Exercise objective: From the line containing "AVID ID Systems, Inc." to the line containing "Figure 15, it" in the entries below, reproduce every line exactly, ends included. Nothing else belongs in the copy, and no pictures.

Recorded data
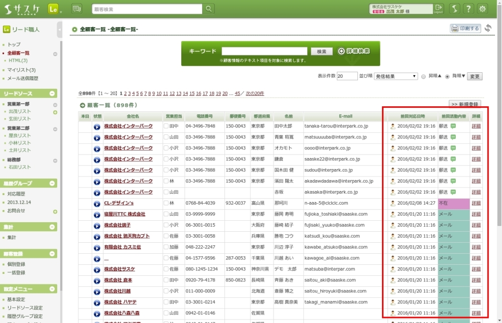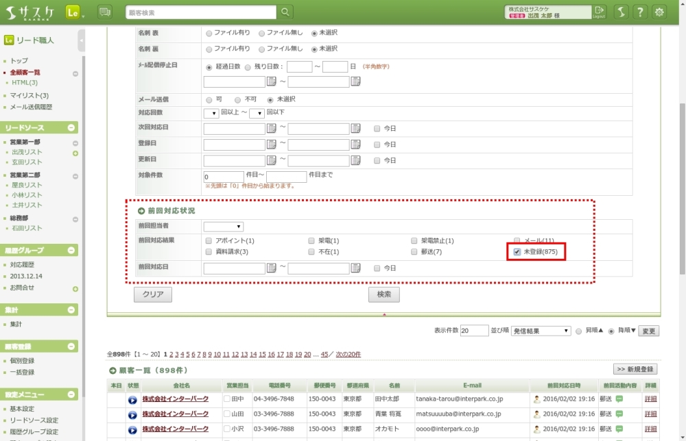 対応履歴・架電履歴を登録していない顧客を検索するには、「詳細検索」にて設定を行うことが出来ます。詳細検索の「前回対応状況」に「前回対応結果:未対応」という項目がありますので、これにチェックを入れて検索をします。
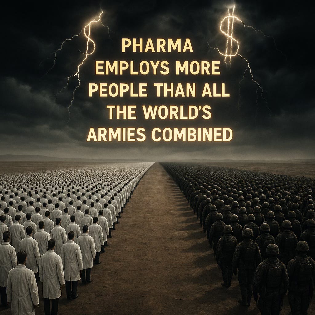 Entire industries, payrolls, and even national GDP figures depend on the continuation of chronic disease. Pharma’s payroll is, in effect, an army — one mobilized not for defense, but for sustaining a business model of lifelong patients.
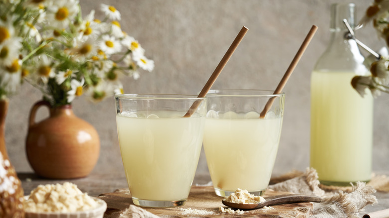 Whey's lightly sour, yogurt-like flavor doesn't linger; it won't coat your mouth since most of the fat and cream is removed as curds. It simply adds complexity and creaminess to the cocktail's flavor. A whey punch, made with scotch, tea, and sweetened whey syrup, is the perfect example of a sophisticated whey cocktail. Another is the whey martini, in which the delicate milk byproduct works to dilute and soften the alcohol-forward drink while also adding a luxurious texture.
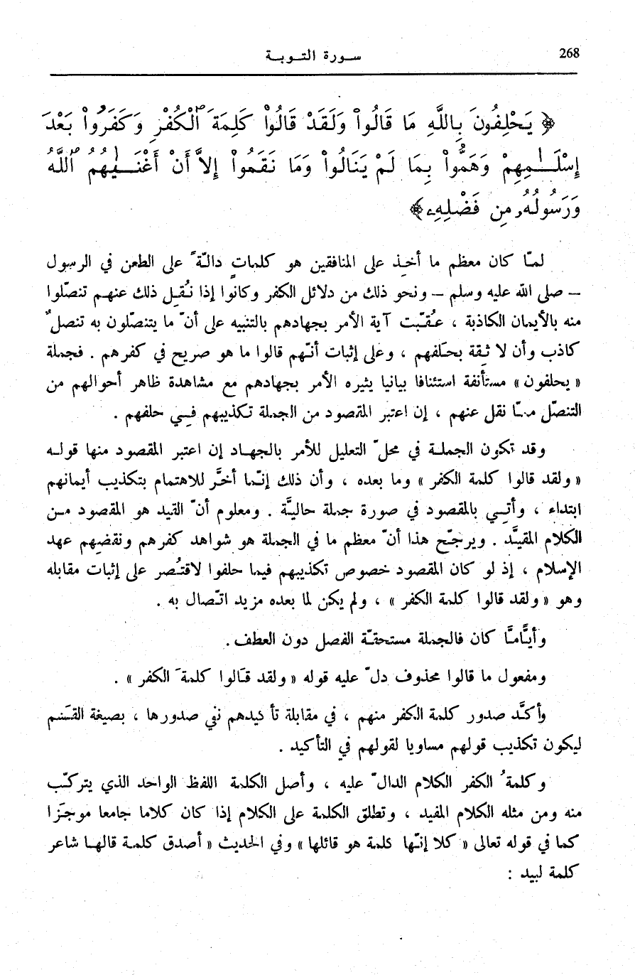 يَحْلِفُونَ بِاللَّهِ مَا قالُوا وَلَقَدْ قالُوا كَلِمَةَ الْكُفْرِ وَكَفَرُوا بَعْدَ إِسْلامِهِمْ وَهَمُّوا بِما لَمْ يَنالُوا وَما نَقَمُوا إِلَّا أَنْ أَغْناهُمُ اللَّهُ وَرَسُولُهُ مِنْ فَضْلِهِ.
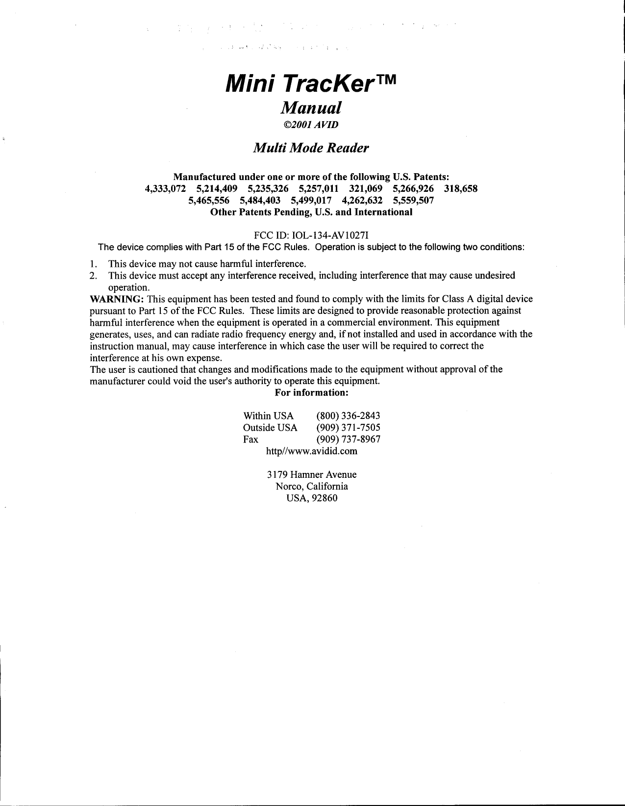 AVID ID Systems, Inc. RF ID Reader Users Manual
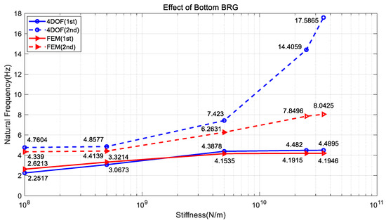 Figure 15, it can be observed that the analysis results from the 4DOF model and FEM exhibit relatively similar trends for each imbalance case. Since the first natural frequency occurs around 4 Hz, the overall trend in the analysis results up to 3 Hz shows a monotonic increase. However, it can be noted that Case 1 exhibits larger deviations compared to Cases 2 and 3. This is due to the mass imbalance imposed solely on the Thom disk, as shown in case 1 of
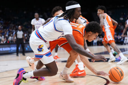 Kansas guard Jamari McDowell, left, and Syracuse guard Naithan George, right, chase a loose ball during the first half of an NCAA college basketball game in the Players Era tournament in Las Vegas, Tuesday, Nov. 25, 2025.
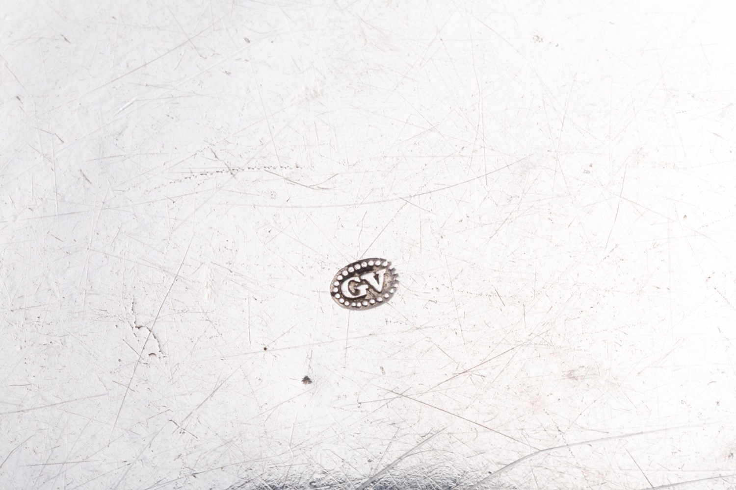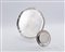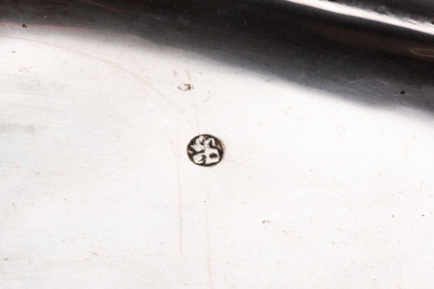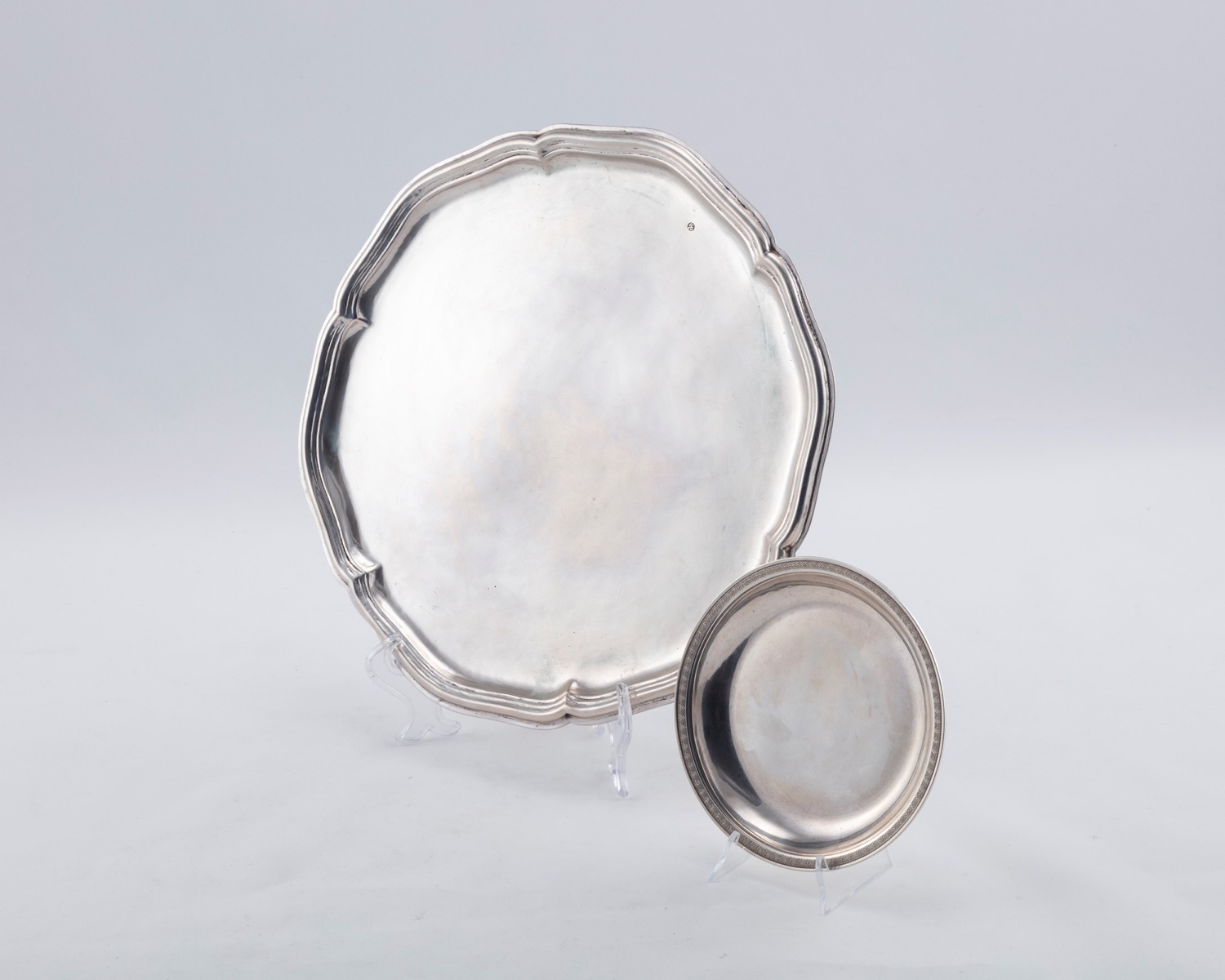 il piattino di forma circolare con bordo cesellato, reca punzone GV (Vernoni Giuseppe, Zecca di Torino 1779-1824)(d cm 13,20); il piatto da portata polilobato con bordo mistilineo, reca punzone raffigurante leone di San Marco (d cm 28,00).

Solution below:
 AVID ID Systems, Inc. RF ID Reader Users Manual
 Figure 15, it can be observed that the analysis results from the 4DOF model and FEM exhibit relatively similar trends for each imbalance case. Since the first natural frequency occurs around 4 Hz, the overall trend in the analysis results up to 3 Hz shows a monotonic increase. However, it can be noted that Case 1 exhibits larger deviations compared to Cases 2 and 3. This is due to the mass imbalance imposed solely on the Thom disk, as shown in case 1 of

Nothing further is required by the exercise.